News on Apache Spark - February 2017
New MemSQL Spark 2 Connector Operationalizes Powerful Advanced Analytics.MarketWired.com, February 1, 2017.
The provider of fastest database platform for real-time analytics MemSQL announced the release of Spark 2 connector. This new connector will support Spark version 2.0 and 2.1.Some of the functions provided by the new MemSQL Spark connector include access to manipulate data inside MemSQL and Spark, using Spark Session as entry point for the DataFrame API. The new connector also allows bidirectional data movement between MemSQL and Apache Spark.MemSQL Spark 2 Connector provides performance enhancement through SQL pushdown support with filter and faster in-database processing through predicate DataFrame operations.
(Source : http://www.marketwired.com/press-release/new-memsql-spark-2-connector-operationalizes-powerful-advanced-analytics-2192773.htm )
Machine learning A-team: TensorFlow, Apache Spark MLlib, MOA and more. Jaxenter.com, February 2, 2017.

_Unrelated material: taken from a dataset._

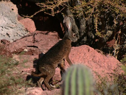 Hiking led some of us up one of the great wide ravines of pink rock (compressed and fused 30-million-year-old volcanic ashes) that formed layers like any good sedimentary rock. The vegetation is formed by dozens of green bushes and some trees, as well as different cacti and tall cardones, that tallest of all cacti in the world (of course, the New World, home to the members of this interesting plant family). The path wends its way among huge boulders and spiny bushes, making us walk carefully between them! Here Adrian had the almost incredible opportunity of finding a black jackrabbit and using his camera to its maximum potential. It is definitely very difficult to photograph these shy animals in the wild.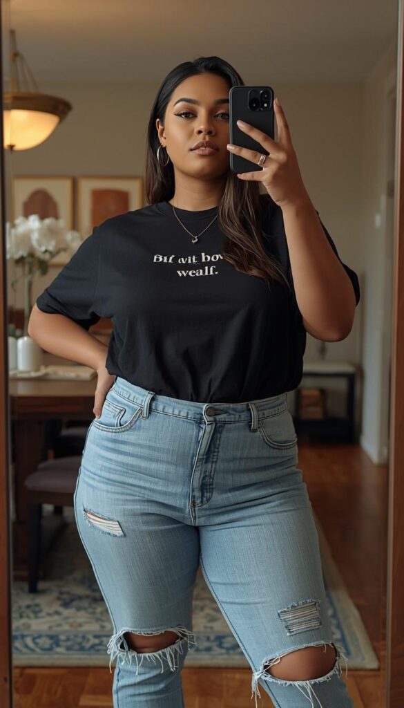 A black short-sleeve tee with elegant white serif text (“But with love, we all heal.”) paired with high-waisted light-wash distressed jeans (ripped knees, frayed hems, cuffed ankles), styled with delicate gold chain necklaces and small hoop earrings. The model takes a mirror selfie in a cozy, sunlit room—wood floors, floral rug, and soft furnishings behind her, expression calm, eyes steady, smile tender. The look is meaningful, modern, and deeply personal—fashion as affirmation, worn with quiet strength.

As technology giants heavily rely on Artificial Intelligence and Machine learning , the demand for machine learning experts is increasing. There is no doubt that the hiring for professionals in the machine learning field is on the spree and for one to get hired they need to have right tools skillset. With the most popular language for machine learning today being Python, there are other tools that professionals must master to get hired. Some of the frameworks that professionals need to master to make use of machine learning include Apache Spark MLib, Amazon Machine Learning, Google Cloud Machine Learning, TensorFlow,etc.
(Source : https://jaxenter.com/machine-learning-frameworks-list-131500.html )
Benchmarks Show Diablo Technologies' Memory1 Doubles the Speed of Apache Spark Graph Processing.PRNewsWire, February 7,2017.
The benchmark data released by Inspur Systems and Diablo Technologies revealed that using Memory1 solution for Apache Spark workloads they could reduce the processing time for graph analytics by more than half. The benchmarking used k-core decomposition algorithm of Spark’s GraphX analytics engine. The highlights of the Memory1 solution benchmarking are that Spark users will now be able to achieve more work per server and there would be considerable reduction in the time required to process larger datasets than servers with DRAM alone. This will result in spark users getting more work done with minimal server sprawl, existing resources and improved TCO.
(Source : http://www.prnewswire.com/news-releases/benchmarks-show-diablo-technologies-memory1-doubles-the-speed-of-apache-spark-graph-processing-300403107.html )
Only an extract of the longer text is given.